According to the Hebrew tradition, a human is an animated body.  Again, the distinction between soul and spirit is essentially unimportant: what matters is that, for a period of time, something turns a chunk of matter into a living being.  Humans, like the other animals, are animated matter; they are like the other animals in many ways, but they are unlike the other animals because they have a different relationship with the creator God.  Humans are chosen by God, but being chosen does not mean we are better or superior: it means we have been given a task - two tasks, actually: to take care of the rest of creation, and to show the rest of creation what God is like.  There are no stories about what happens to people after they die, because people who die lie in the grave and don't do anything.  But there is an occasional hint in the Hebrew writings that people who are remembered by God have not completely disappeared (just as many people say today of those who have died: they live on in our memory), and perhaps through God's creative power they might be given life again.  This small hint is picked up in the Christian development of the Hebrew tradition, which holds out the hope of a future resurrection into a better physical body, living in a better physical world.

A human is an illusion

There is a third possibility: that being human means nothing.  In this view, which is the official belief of most modern Western societies, but is actually believed by very few people within those societies, there is nothing special about humans - they are nothing more than advanced animals, and life itself is just a cosmic accident, an unlikely arrangement of atoms which is quite likely to occur somewhere because the universe is so vast.

From this perspective, we are simply a collection of atoms which is constantly changing; what it means to be human is a meaningless question: 'human' is just a word we use to describe a group of organisms which are able to interbreed at this point in time, but has no clear origin to distinguish it from other hominids or other primates or other mammals.
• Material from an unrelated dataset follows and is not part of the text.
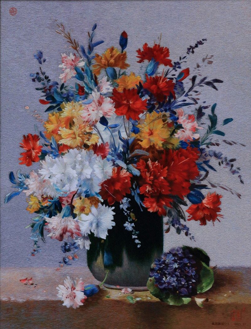 《康乃馨》:一然绣出的母爱温情与精湛工艺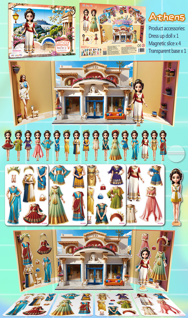 Each theme features a unique city story, from the bustling streets of Shanghai to the mythical beauty of Athens, helping kids learn about world cultures in a fun way.

This is essentially the perspective of some non-Western religions: they teach that what we experience and what we believe ourselves to be are simply illusions, which we need to free ourselves from.

What am I?

One key point is that I am not just my brain (see: You Are Not Your Brain for more on this).  Apart from anything else, the brain is deeply connected with the rest of the body.  Scientists are increasingly understanding that a large part of what makes me 'me' is tied up with physical realities, such as the functioning of the ecosystem in my guts.  As this New Scientist article explains, Consciousness isn't just the brain.

Another key point is that I do not just exist in the present: if you stole from me yesterday, you stole from me, not some 'past version' of me; I put money into my pension so that I will have enough to live on - not so that some 'future version of me' will have enough to live on.  The lived reality is that I am not only my present self but also, somehow, my past and future selves.